▶ Try it
Return the lines that run from the line containing "OP-86 新品 未使用 田宮" through the end of the entries, both ends included. Leave out all pictures.

----- Supplied information -----

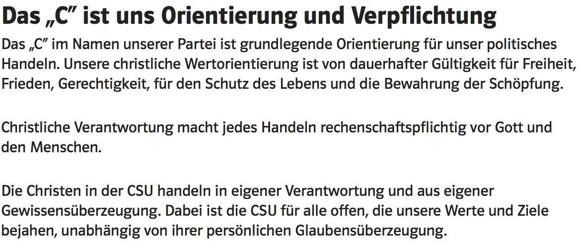 TSBN | 11. Mai 2016 Um es vorwegzunehmen: Was die Christliche Union aus Bayern in den letzten Wochen veranstaltet, ist besorgniserregend. Sprache und Duktus, das ganze Gehabe und Gewerke sind dieser Partei nicht würdig. Denn es hat nichts mit christlich zu tun; im Gegenteil ist es oftmals das Gegenteil von allem, was man landläufig mit diesem Begriff assoziiert. Die CSU trägt das „C“ so plakativ vor sich her, das man darunter zusammenbrechen könnte. Noch stärker als die CDU betonen die Bayern, das „C“ sei für sie „Orientierung und Verpflichtung“. So steht es in deren Grundsatzprogramm. Steht also als Grundsatz dort; nicht in einem Wahlprogramm für ein paar Jahre. Aber ist es das wirklich (noch), oder sind die grinsenden Populisten aus München nicht längst zynische Taktierer geworden?
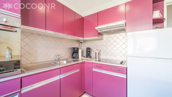 - Une cuisine équipée avec notamment : bouilloire électrique, four, four à micro-ondes, grille-pain, lave-vaisselle, plaques de cuisson...
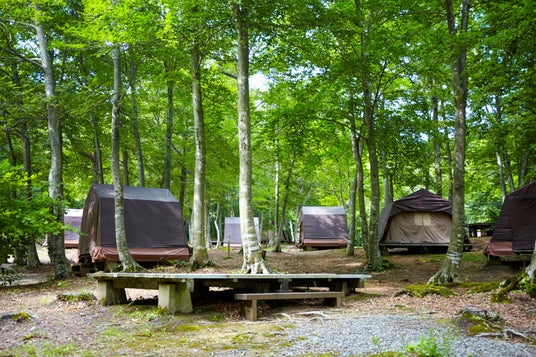 手ぶらで気軽に【休暇村オリジナルロッジ型テント】 テントの設営も撤収も不要なお手軽にキャンプを楽しみたい方にオススメ。
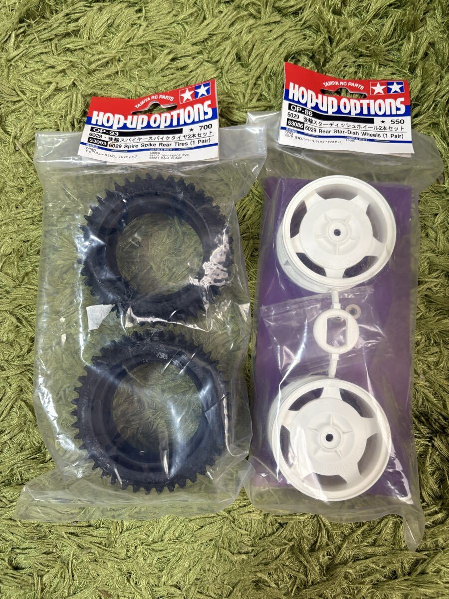 > ラジコン RC タイヤ ホイール 後輪 スパイヤースパイクタイヤ スターディッシュホイール 2本セット OP-93 OP-86 新品 未使用 田宮
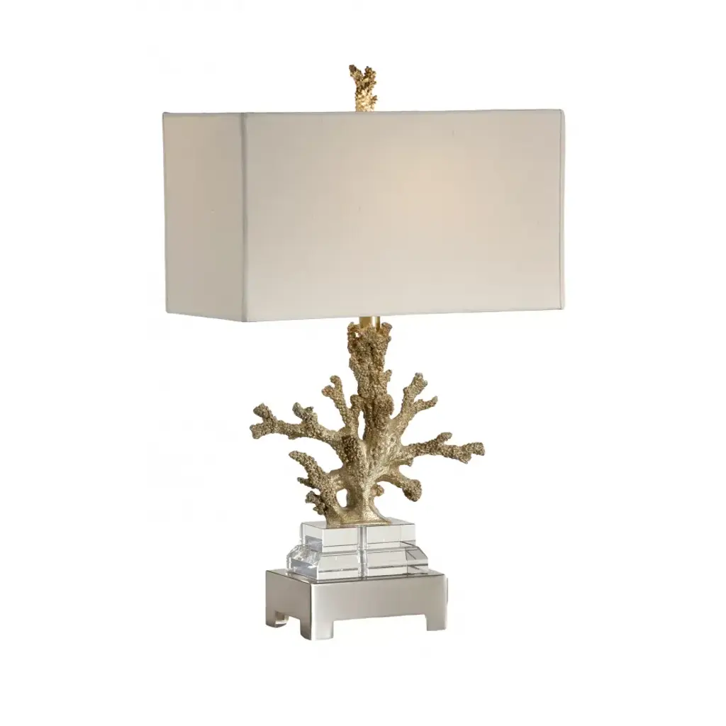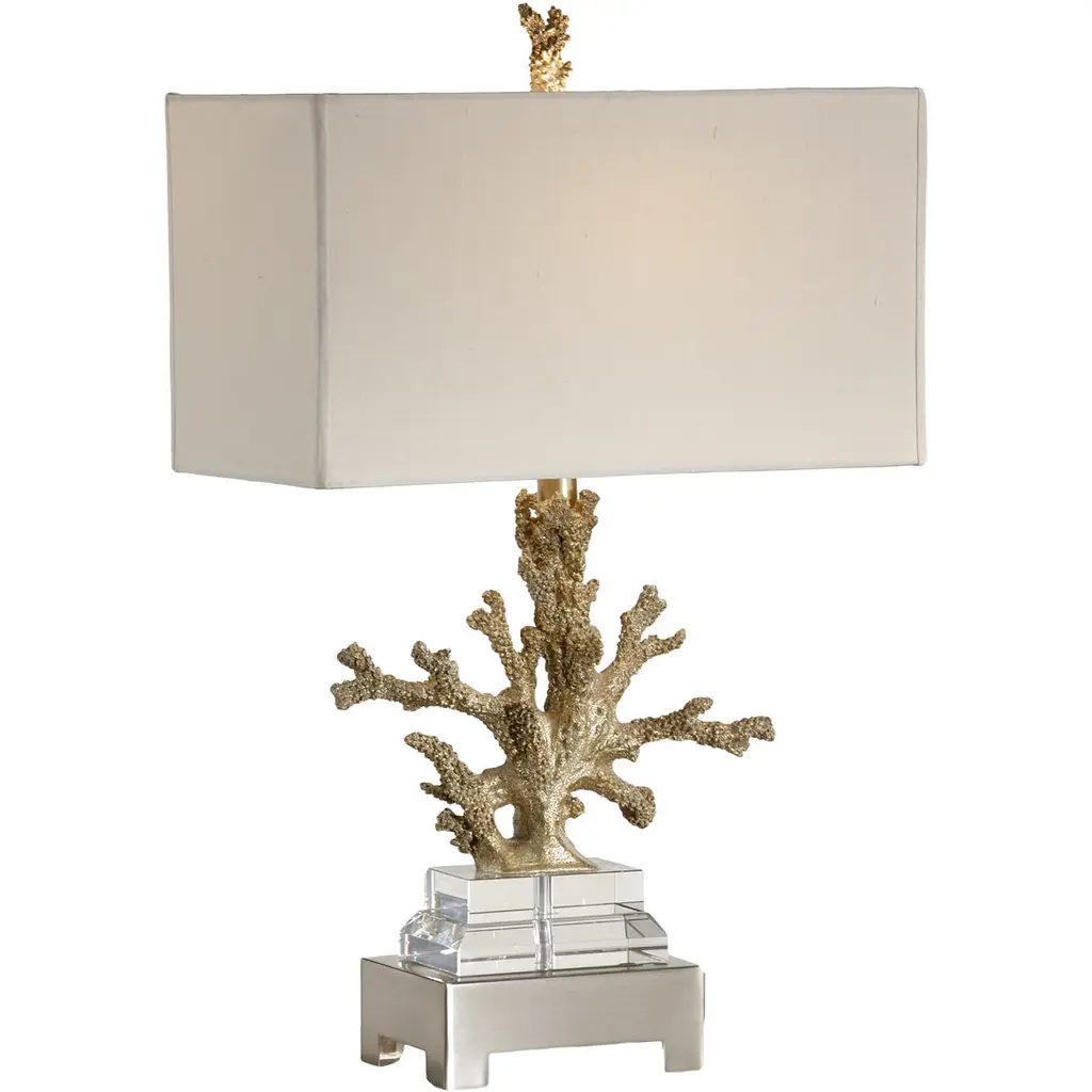 Glamorous, portable, & compact, a beautiful table lamp keeps your space illuminated in style. This accent light, the Autumnus lamp, is a branch shaped table lamp made of iron in a shimmering, gold finish. This luminary features an added touch in the form of a decorative crystal ball that nestles neatly into a pocket formed in the branch shaped base. Paired with a clean, white drum shade, this lamp is an excellent fit in any modern space!

-----

▶ Your response
 > ラジコン RC タイヤ ホイール 後輪 スパイヤースパイクタイヤ スターディッシュホイール 2本セット OP-93 OP-86 新品 未使用 田宮
 Glamorous, portable, & compact, a beautiful table lamp keeps your space illuminated in style. This accent light, the Autumnus lamp, is a branch shaped table lamp made of iron in a shimmering, gold finish. This luminary features an added touch in the form of a decorative crystal ball that nestles neatly into a pocket formed in the branch shaped base. Paired with a clean, white drum shade, this lamp is an excellent fit in any modern space!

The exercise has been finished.